La Corte di Cassazione, con la sentenza 10 giugno 2020 n. 11050, ha deciso che non si è in presenza di demansionamento se il lavoratore non viene assegnato alle mansioni corrispondenti al proprio profilo di appartenenza per sua esclusiva volontà, rifiutandosi di conseguire la necessaria professionalizzazione.

Nel caso sottoposto all’esame della Suprema Corte un lavoratore si era rivolto al Tribunale del lavoro affinchè l’azienda da cui dipendeva venisse condannata al risarcimento del danno da demansionamento professionale.

I giudici di primo grado hanno accolto le doglianze del lavoratore, ma la Corte d’Appello ha invece riformato la sentenza del Tribunale, accogliendo la richiesta dell’azienda volta ad annullare il diritto al risarcimento del danno.

In appello infatti era stato accertato che il lavoratore era stato ritenuto inidoneo a svolgere una certa mansione per problemi di salute. Era quindi stato assegnato inizialmente ad uffici di natura amministrativa e successivamente, tenuto conto delle sue residue possibilità di utilizzazione, era stato assegnato al servizio di portineria.
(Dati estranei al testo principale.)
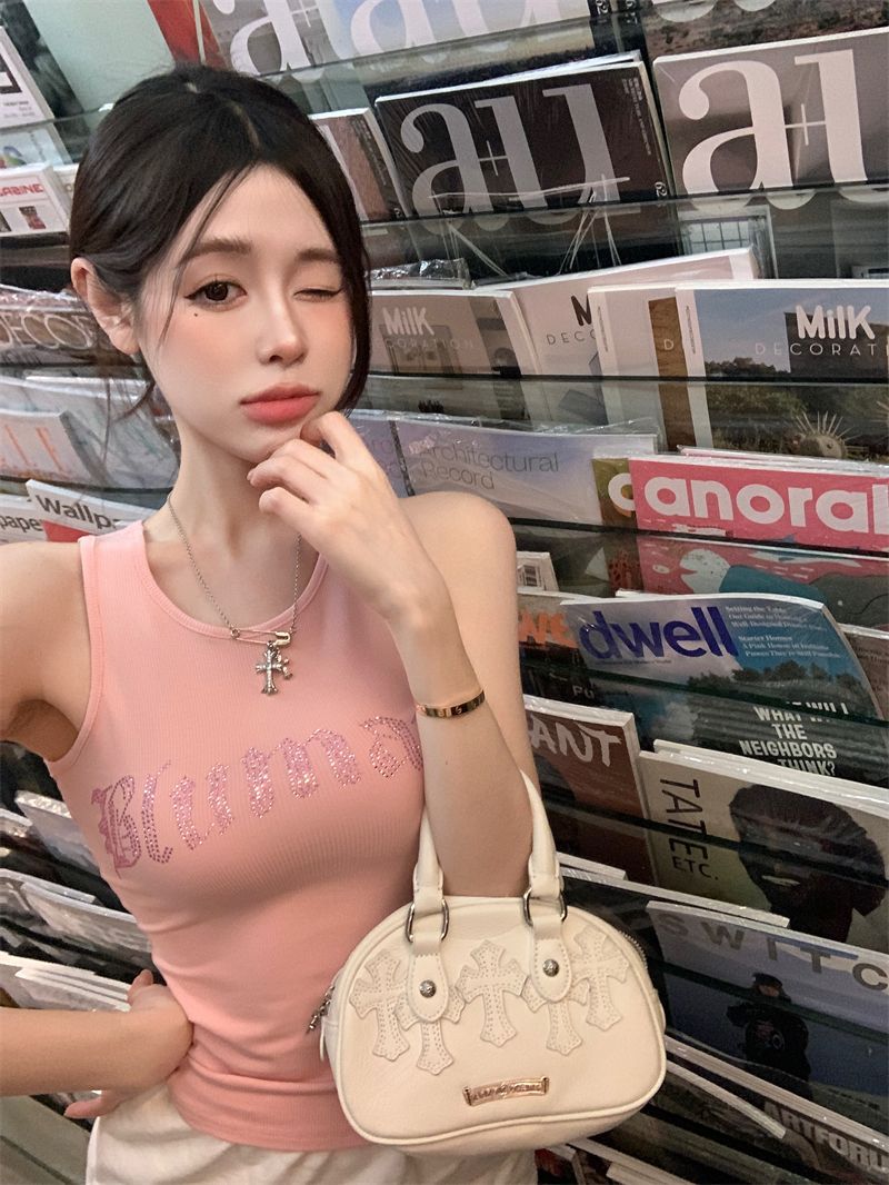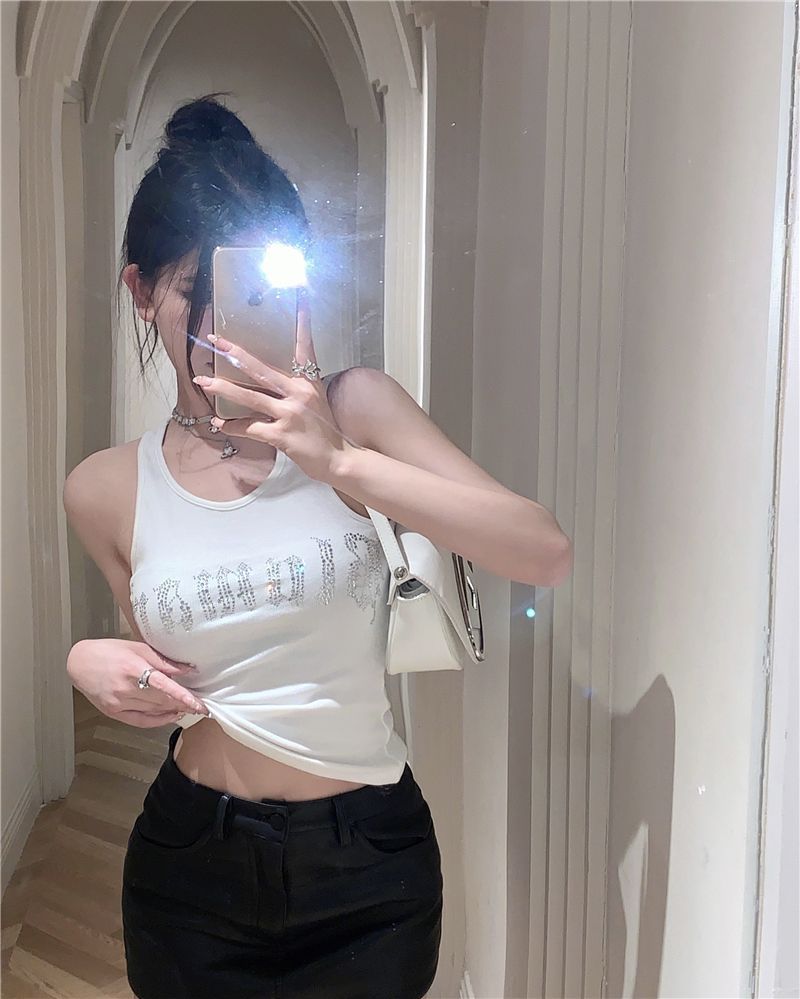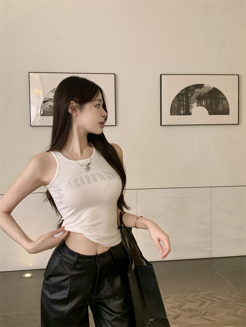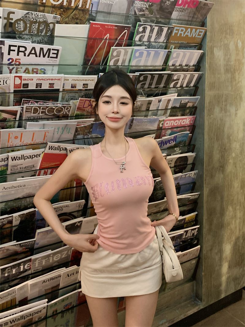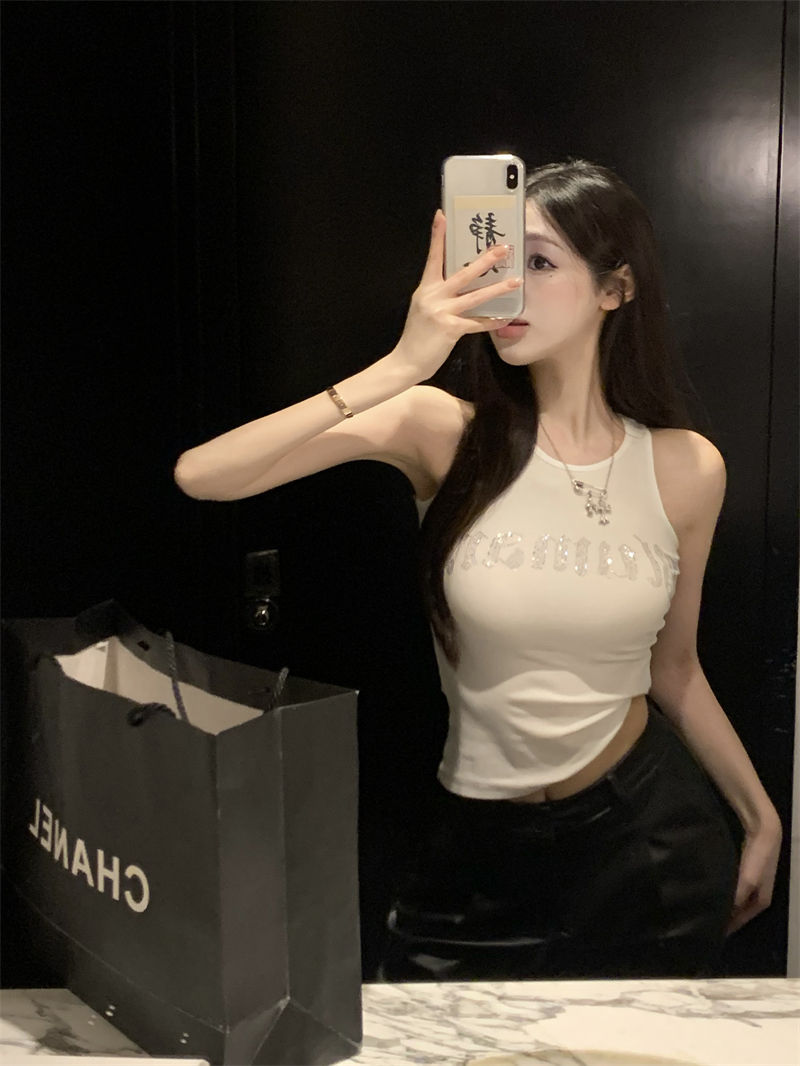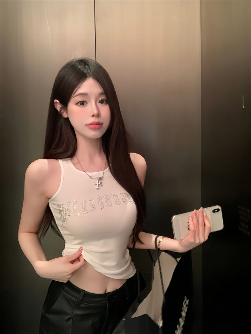 스파이스 걸스 빛나는 편지 핫 다이아몬드 슬링 스트랩 I 자형 조끼 여성용 가슴 패드 슬림핏 슬리밍 내부와 외부 착용베이스 탑스토어 가기

Sempre secondo i giudici di secondo grado, non poteva dirsi che fosse stato perpetuato alcun demansionamento, dato che l’attribuzione a mansioni di natura meramente esecutiva rispetto a quelle corrispondenti al proprio profilo di appartenenza, era dipeso dal rifiuto dello stesso lavoratore di partecipare ai corsi di aggiornamento professionale, indispensabili per acquisire le conoscenze idonee all’espletamento delle mansioni corrispondenti al predetto profilo.

Il lavoratore ha richiesto la cassazione delle sentenza, ma i giudici di legittimità hanno rigettato il ricorso.